Banda Aceh kembali menghadapi defisit anggaran yang cukup besar, mencapai Rp39,8 miliar. Kepala Badan Pengelolaan Keuangan Kota (BPKK) Banda Aceh, Alriandi Adiwinata, menyebut bahwa angka tersebut berasal dari Surat Perintah Membayar (SPM) yang tidak dapat direalisasikan hingga 31 Desember 2024.
"Utang ini mencakup kewajiban kepada pihak ketiga dan Alokasi Dana Gampong (ADG). Namun, jumlah pastinya masih dalam tahap reviu oleh Inspektorat Banda Aceh," kata Alriandi, Selasa (11/2/2025).
Menurutnya, ada tiga faktor utama yang menyebabkan defisit anggaran ini. Pertama, Pendapatan Asli Daerah (PAD) tidak mencapai target, dengan kekurangan 10 persen atau sekitar Rp16 miliar. Kedua, pendapatan transfer dari pemerintah pusat juga lebih rendah dari yang diharapkan, yakni minus 2,64 persen atau setara Rp27 miliar.

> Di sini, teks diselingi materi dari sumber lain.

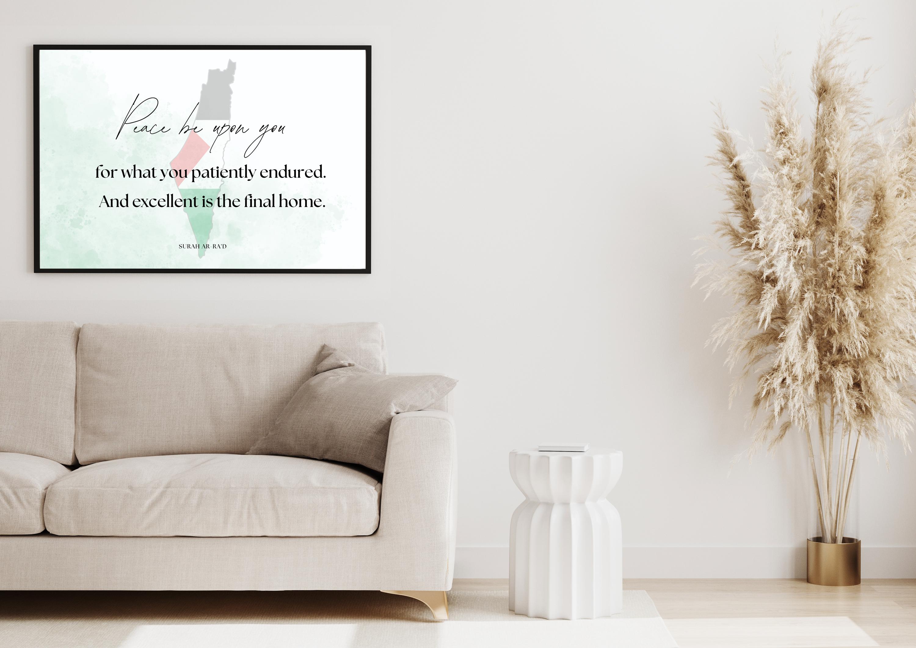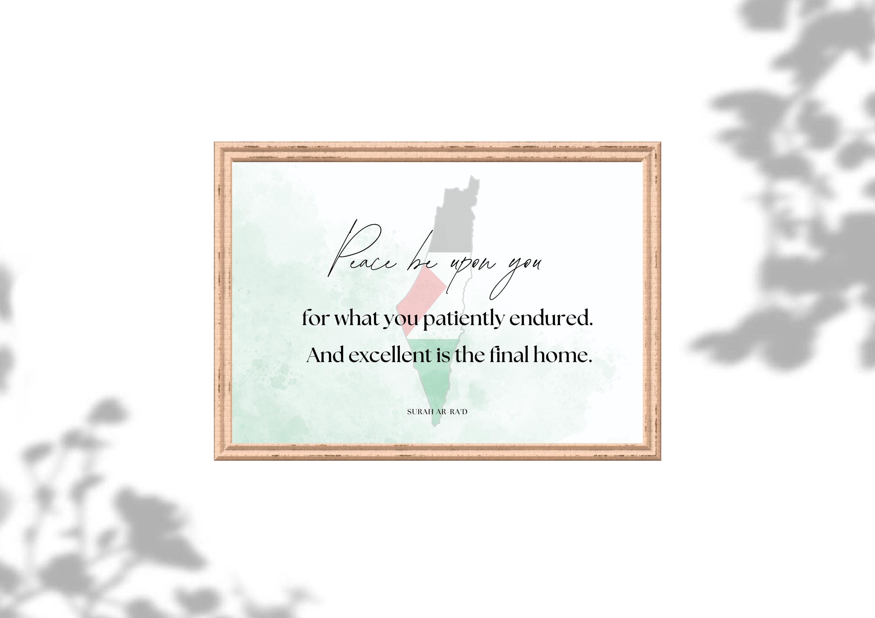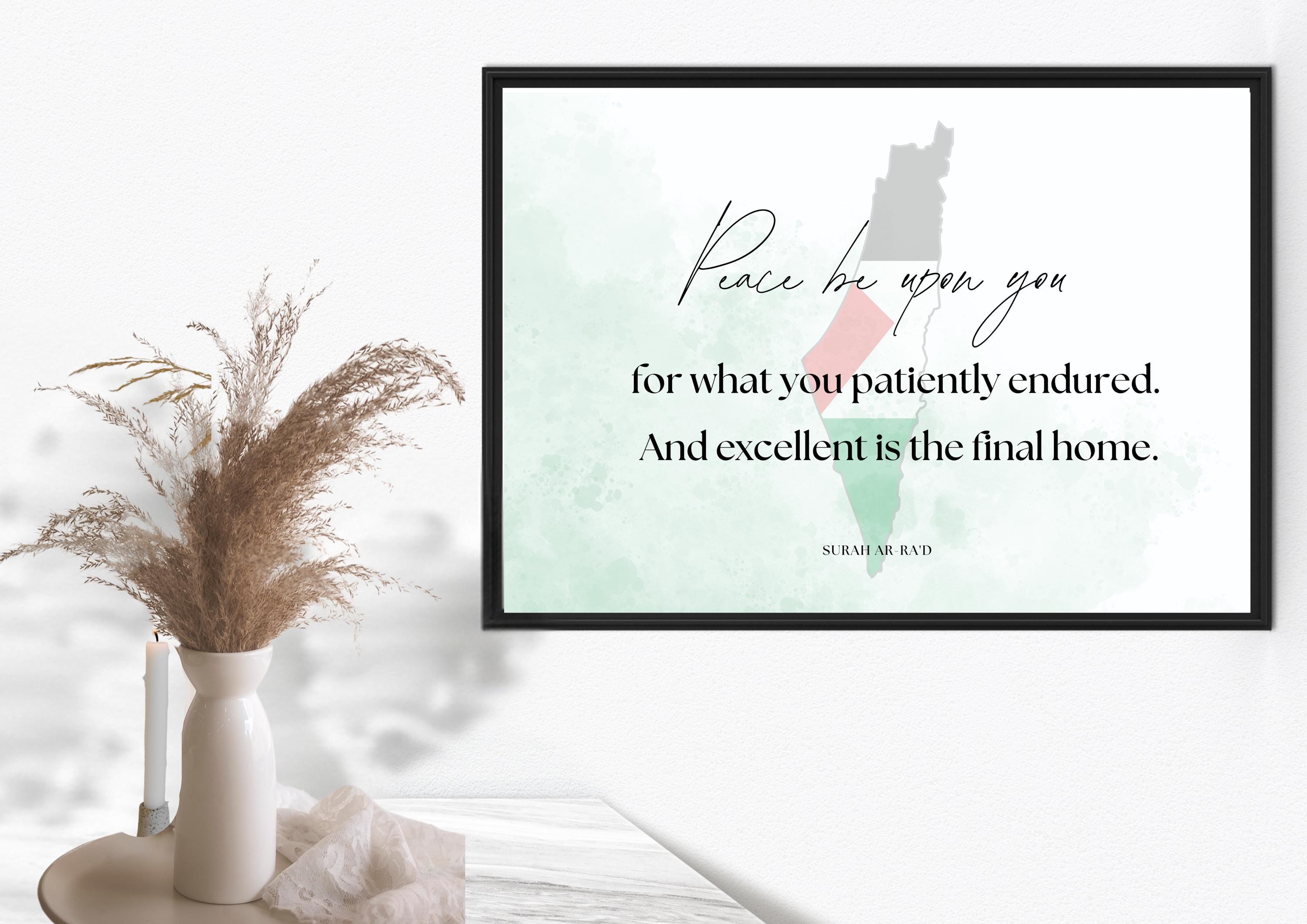 Elevate your home with this minimalist Islamic wall art featuring the Quranic verse: “Peace be upon you for what you patiently endured. And excellent is the final home.” (Surah Ar-Ra’d). Designed with a Palestine-inspired watercolor background, this digital download is perfect for Muslim home décor, prayer spaces, and thoughtful Islamic gifts.

Ketiga, terjadi kekurangan Dana Alokasi Umum (DAU) untuk Pegawai Pemerintah dengan Perjanjian Kerja (PPPK). Dari kebutuhan Rp69 miliar, Pemko Banda Aceh hanya menerima Rp49 miliar, sehingga selisih Rp20 miliar menjadi beban tambahan bagi APBD.
Selain harus menutup defisit anggaran 2024, Pemko Banda Aceh juga menghadapi tantangan keuangan yang lebih besar di tahun 2025. Kekurangan alokasi belanja gaji dan tunjangan PNS serta PPPK diperkirakan mencapai Rp86 miliar.
"Khusus untuk PPPK formasi 2019-2023, kebutuhan gaji satu bulan saja mencapai Rp25 miliar. Sementara untuk PPPK formasi 2024, dibutuhkan tambahan Rp61 miliar," ungkapnya.
Tak hanya itu, RSUD Meuraxa juga mencatat utang sebesar Rp49 miliar, yang terdiri dari insentif jasa layanan Rp19 miliar, belanja obat dan bahan medis Rp22 miliar, serta belanja operasional Rp8 miliar.
Menanggapi kondisi ini, Pj Sekdako Banda Aceh, Bachtiar, menegaskan bahwa pihaknya berkomitmen untuk menyelesaikan pembayaran utang tersebut dengan langkah-langkah konkret agar tidak semakin membebani keuangan daerah.